The related work of this work is interlinked with the motivation, architecture, and design of this work. Numerous efforts have been made on the road safety of autonomous vehicles. Fagnant et al. [19] considered the near elimination of error linked with human interventions. These human errors form 90% of the fatalities. In another study, Rau et al. [20] proposed a mechanism and categorized AV functions into four steps in order to identify the cause of fatalities. These functions are the pre-crash scenario, location of the crash, driver’s biological condition, and speed of the vehicle. Many research tests have been performed on Real-world data in the recent studies [21–24] and found that the less the human intervention and the more automation, the less will be the crash probabilities.
It is predicted that human offloading from autonomous vehicles will make the transportation smart, and the chance of crash will be much lower; however, the fully automated car is yet to be deployed by the organization. Therefore, nowadays, warning systems and driver assistance systems are in high demand, which facilitates drivers with alerts and notifications by executing real-time tasks remotely from edge nodes [25–27]. These devices can detect numerous states of drivers and environments such as drowsiness, alcohol, and drugs and fatigue of the driver [28]. Commercial systems such as LiDar, anti-lock braking systems (ABS), and adaptive headlights are among few notable systems; however, these systems are dedicated to a single job and are very costly [27]. In this paper, a generic approach to finding the most pressing parameters linked with crashes are investigated, and a lightweight system is developed to give alerts and notifications remotely in a real-time manner and this, to the best of the authors’ knowledge, is the first-ever such attempt.
Conclusion
In this paper, we have proposed an Internet of things application to facilitate semi-autonomous vehicles and helps them reduce crashes and fatalities.
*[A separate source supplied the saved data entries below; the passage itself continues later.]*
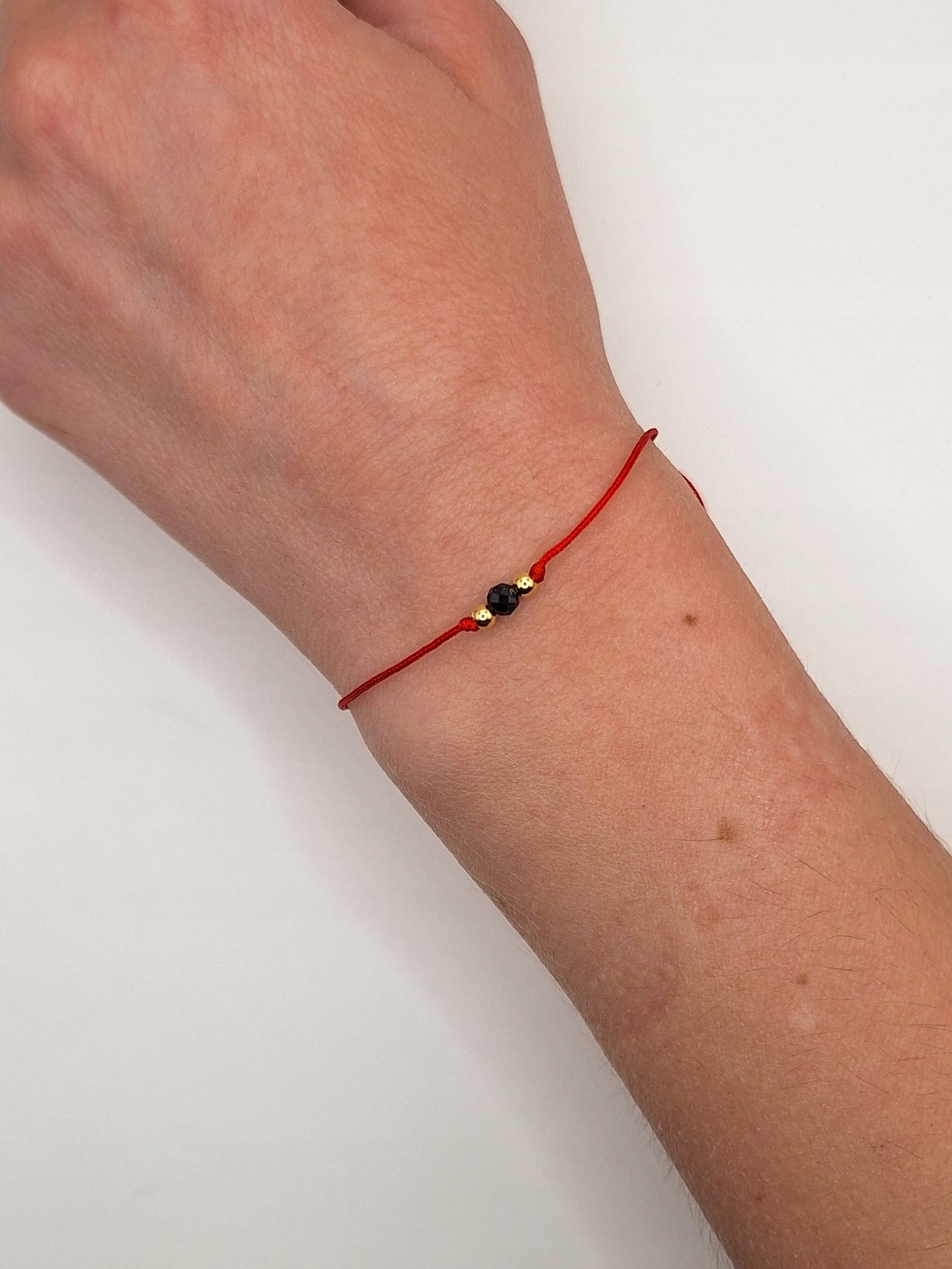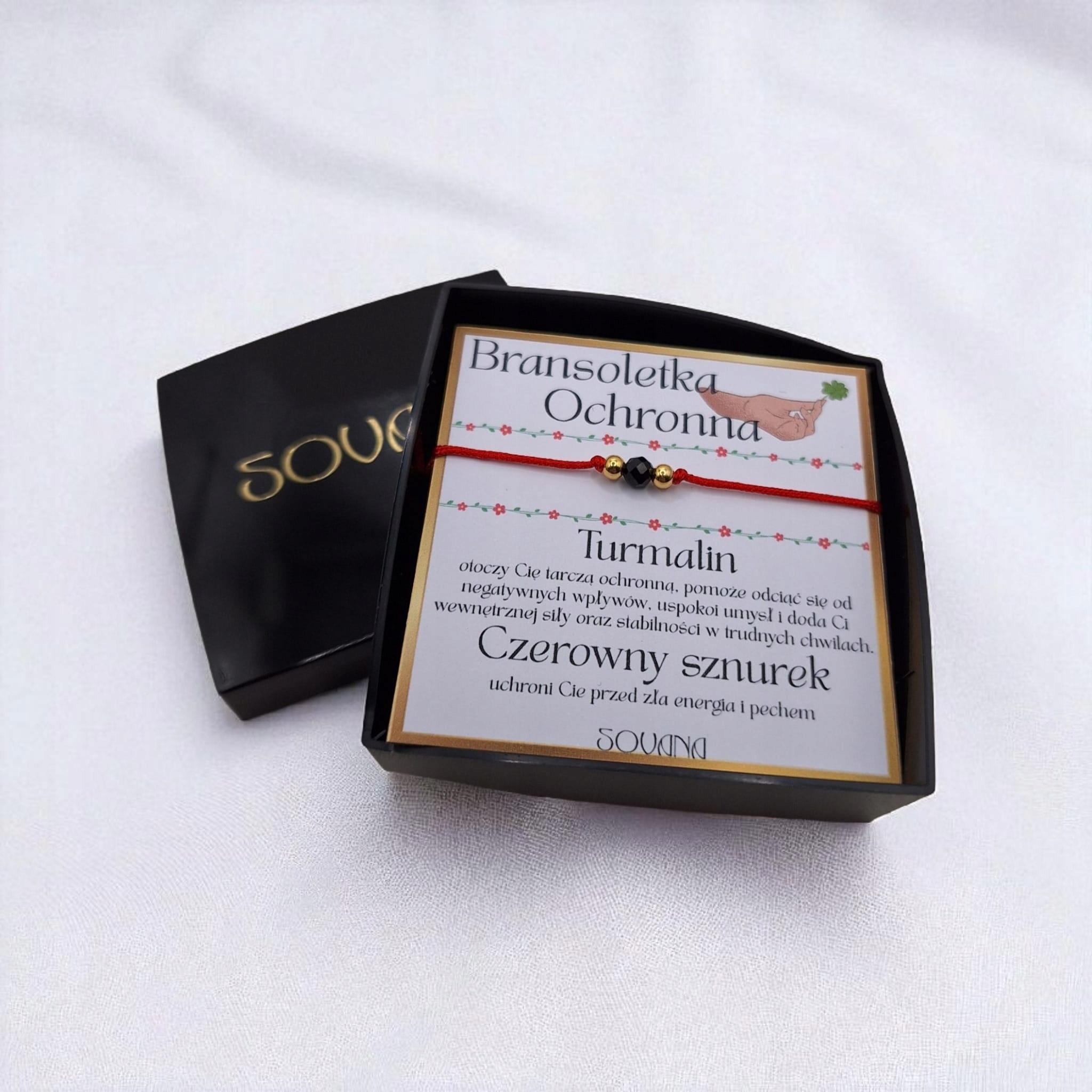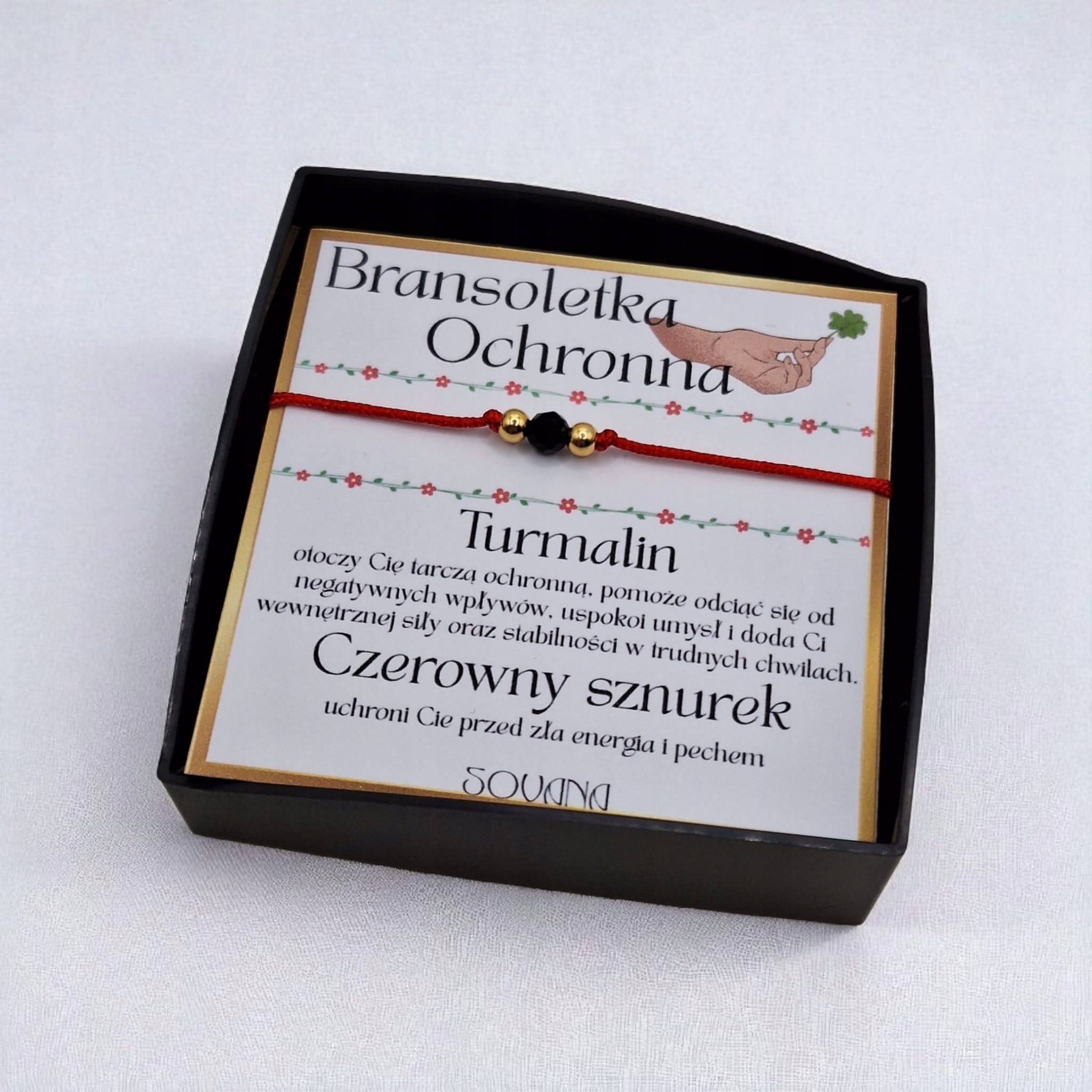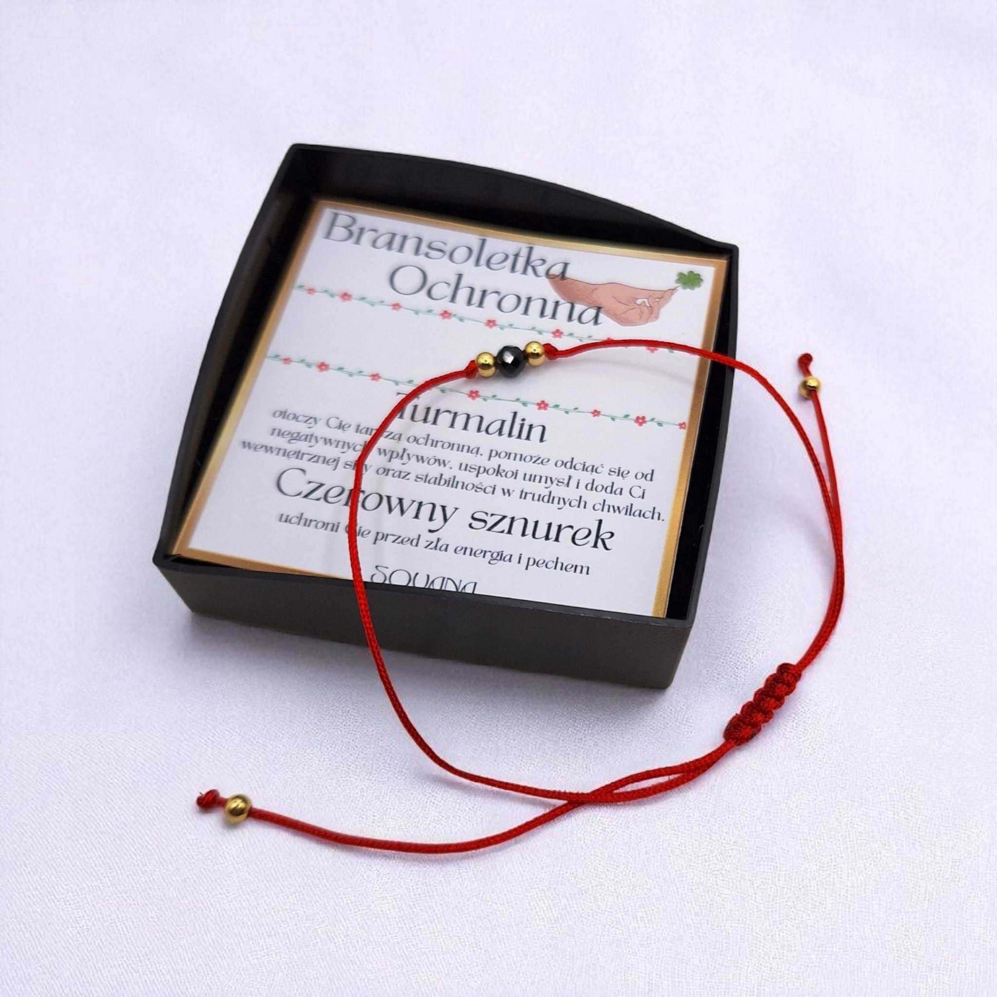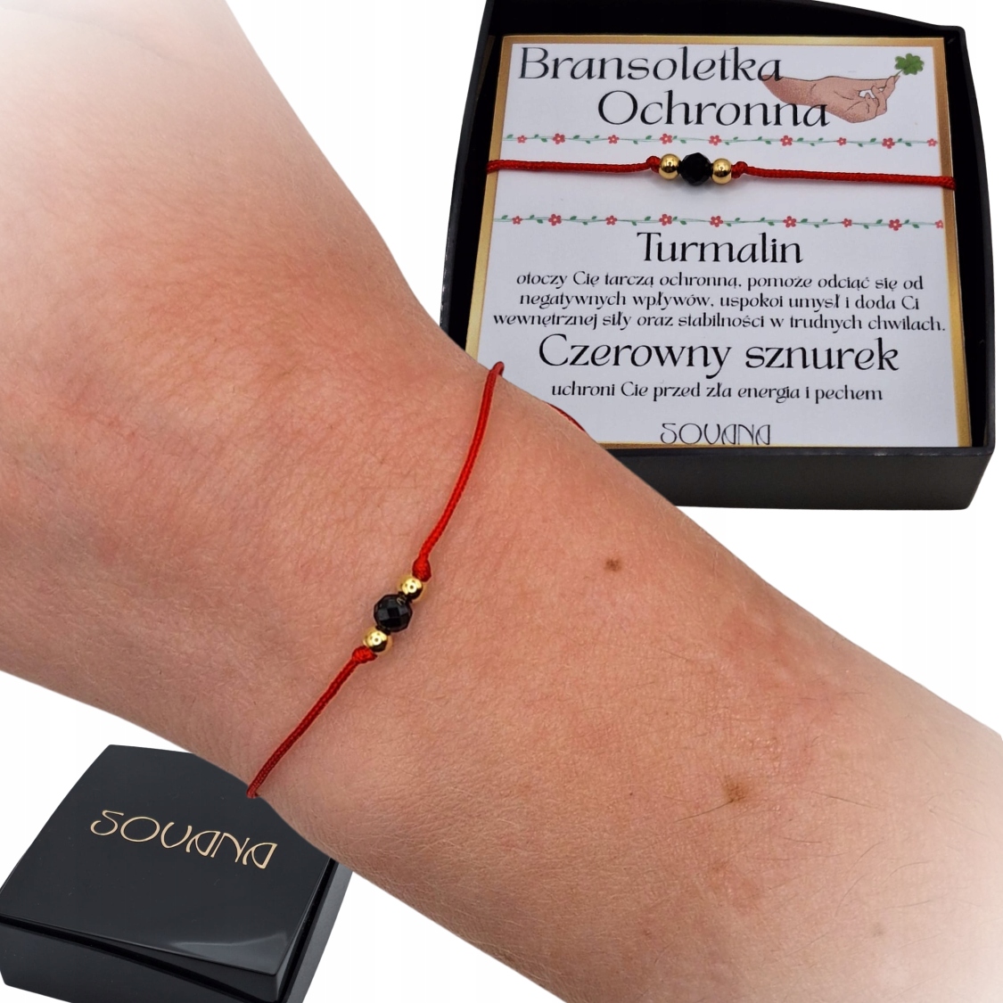 Bransoletka wykonana z trwałego czerwonego sznurka, ozdobiona naturalnym czarnym turmalinem – kamieniem silnej ochrony, uziemienia i wewnętrznej równowagi.
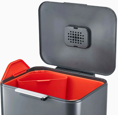 Aquest Totem té un disseny guardonat que combina tots els seus residus i reciclatge en una unitat compacta. Compta amb dos compartiments de 20L disposats en vertical, que estalvien espai i fan que sigui molt fàcil omplir-los i buidar-los. Cada compartiment té una galleda extraïble en el qual es pot col·locar una única bossa estàndard o dues bosses més petites per separar diferents tipus de reciclatge, usant els ganxos per a borsa integrats. Els respiradors en els laterals de les galledes faciliten la retirada de les bosses plenes. Totem també compta amb un filtre antiolor ventilat de carbó actiu substituïbles a la tapa principal que ajuda a reduir la humitat i l’olor que s’acumulen per les escombraries. Elegant, pràctic i durador. Les bosses a mida per als compartiments principals, i els recanvis del filtre antiolor estan disponibles per separat. Aquest model té un acabat en acer amb recobriment en pols fàcil de netejar. Superfícies externes: Netegeu amb un drap humit i s’assequi amb un drap sec i suau. Mesures 30×36.6×76 cm. 10 anys de garantia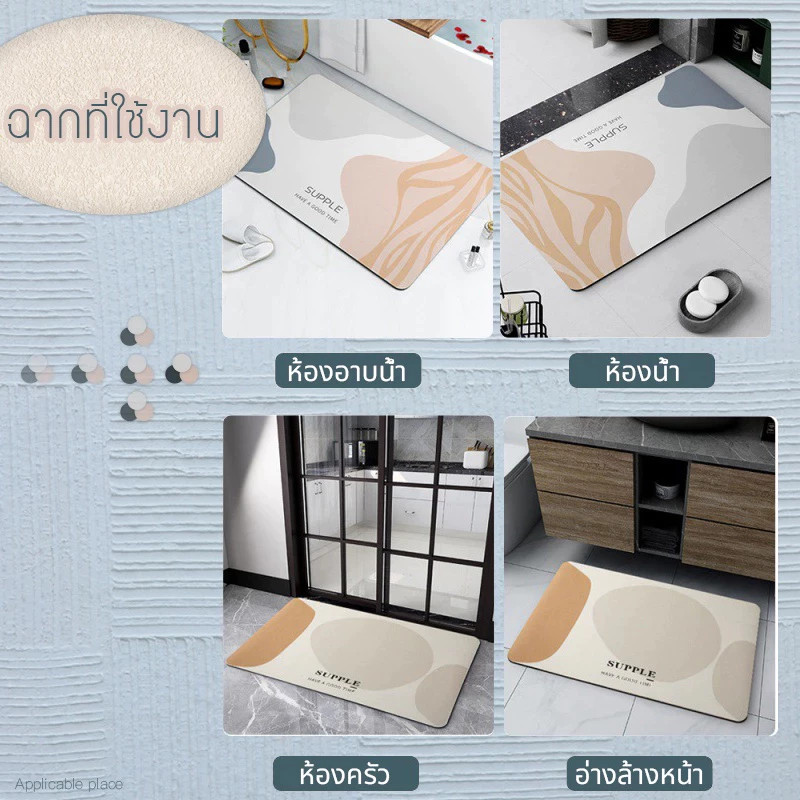 DH พรมเช็ดเท้าไดอะตอม เกรดA พรมห้องน้ำ แห้งไว ดูดซับน้ำดี กันลื่น ไม่อับชื้น ทำความสะอาดง่าย เหมาะกับห้องน้ำ ห้องครัว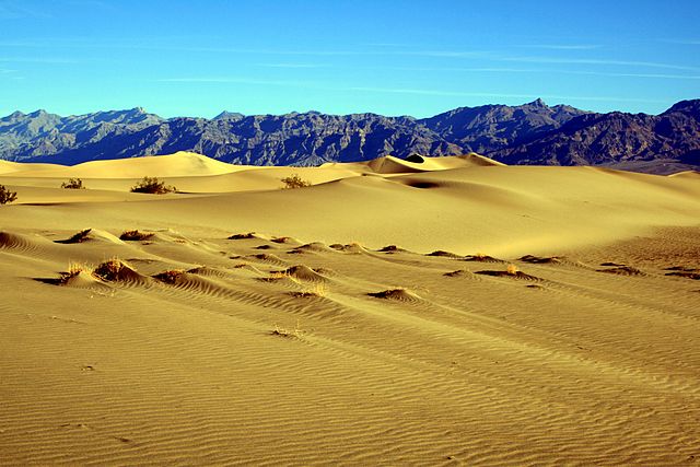 Sand Dunes in Death Valley National Park. The image shows coppice dunes , which are formed around vegetation. These dunes are usually found in the deserts in semiarid regions. Like with all sand dunes the coppice dunes form, when there is lots of loose sand,a wind, which is strong enough to move the sand and some kind of obstruction, where sand particles settle out. The size and shape of a coppice dune depends on the amount of sand available, the characteristics of the wind and on forms of vegetations they form around. As you could see from the image the dunes are very much symmetrical. The image also shows wind ripples. They form, when sand grains bouncing and rolling up the windward surface of a dune land on the windward side of each ripple and produces a low ridge. |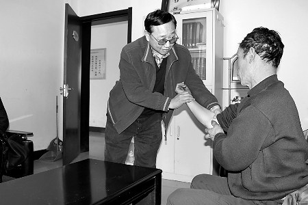 義馬市副市長程相渠關心地查看信訪群眾喬馬強的傷情。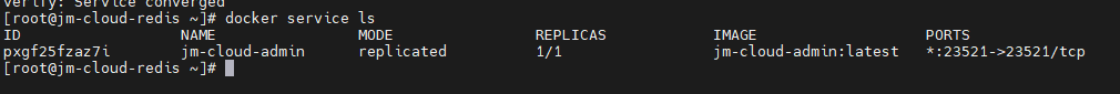 docker service create --replicas=1 --name=jm-cloud-admin --publish=23521:23521 jm-cloud-admin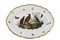 Manifattura di Meissen, secolo XIX. Vassoio a profilo mistilineo in porcellana decorata in policromia da rapaci e insetti, tesa profilata in oro (L. cm 40) (lievi difetti)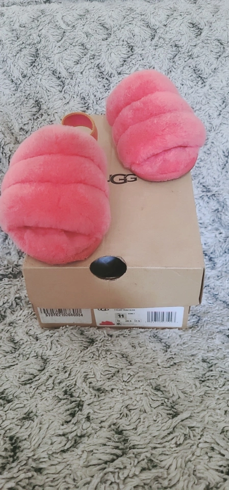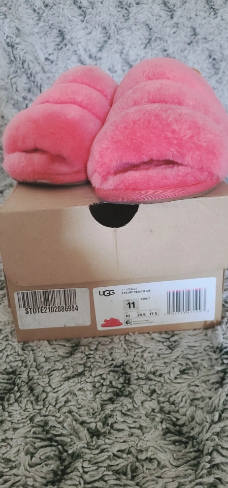 Selling a pair of UGG Tazz Yeah Slides in a vibrant pink colour, size 11(Toddler). These slides are in excellent condition and come with the original box! Perfect for adding a pop of colour to your wardrobe and keeping your feet comfy.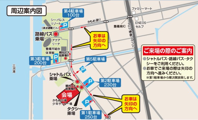 【お車でお越しの方】 <2025.9.30更新> ・会場周辺に豊橋炎の祭典来場者無料駐車場を準備いたします。駐車時は係員の指示に従い、安全に走行してください。 <第1駐車場>:会場より約150m、徒歩2分、約250台 <第2駐車場>会場より約550m、徒歩約8分、約230台 <第3駐車場>会場より約400m、徒歩約6分、約200台 <第4駐車場>会場より約750m、徒歩約10分、約100台 <第5駐車場>会場より約500m、徒歩約7分、約150台 ・第1、第2、第3・・駐車場の順に入庫案内をいたします。※第1駐車場満車後に第2駐車場解放 ・出庫時は渋滞が予想されます。予めご了承ください。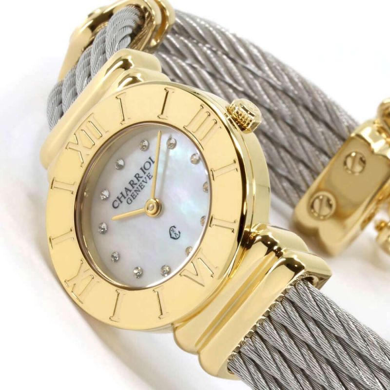 Take a sun-kissed trip to the French Riviera with our much-loved ST-TROPEZ® watch collection. Delightfully feminine, this pretty Swiss-made quartz timepiece features our signature braided cable motif on the strap, alongside an additional chain bracelet to add a unique jewelry accent to the design. Full of elegance and sophistication, it is crafted in yellow gold plating and stainless steel with a white mother-of-pearl dial. A quintessential ladies' watch, epitomizing Charriol’s artistry and style. The size can be adjusted to find the perfect fit and the strap features a hypoallergenic finish.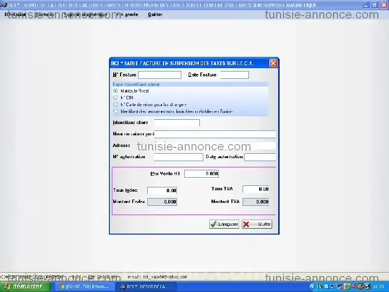 logiciel dépôt facture émies en suspension de la tva sur support magnétique selon cahier des charges 2026 du ministère des finances. contacter lotfi trabelsi au tel 98 312 409.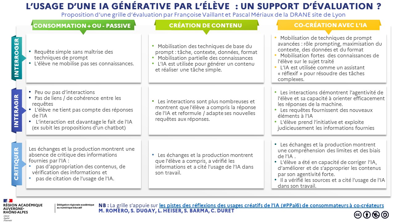 Vous trouverez sur le site de laDRANE, une proposition de grille d’évaluation : Evaluer les usages des élèves d’une IA Générative élaborée par Françoise Vaillant et Pascal Mériaux.

This paper considers the human driving job as a collection of tasks that have to be performed within a span of time. If the real-time tasks can be guaranteed to be executed in the allocated time, a warning system could be developed to alert drivers for making an error, which could lead to a potential accident. We have used Safety data of the UK and trained models based on a variety of algorithms and deployed it on the embedded IoT application. The model also helped in prioritizing the parameters which affect the most on fatalities. We have used weather conditions and driver biological conditions and deploy different sensors which periodically sense these scenarios and compute the risk of driving. If the risk of driving is more than some threshold, it will give alerts and notifications. In the end, the model is evaluated, and the execution results are illustrated with interfaces. The results show that this paper can be the best starting point to redefine the mechanism of driver assistance systems and get rid of the commercial and costly devices which only do a dedicated job.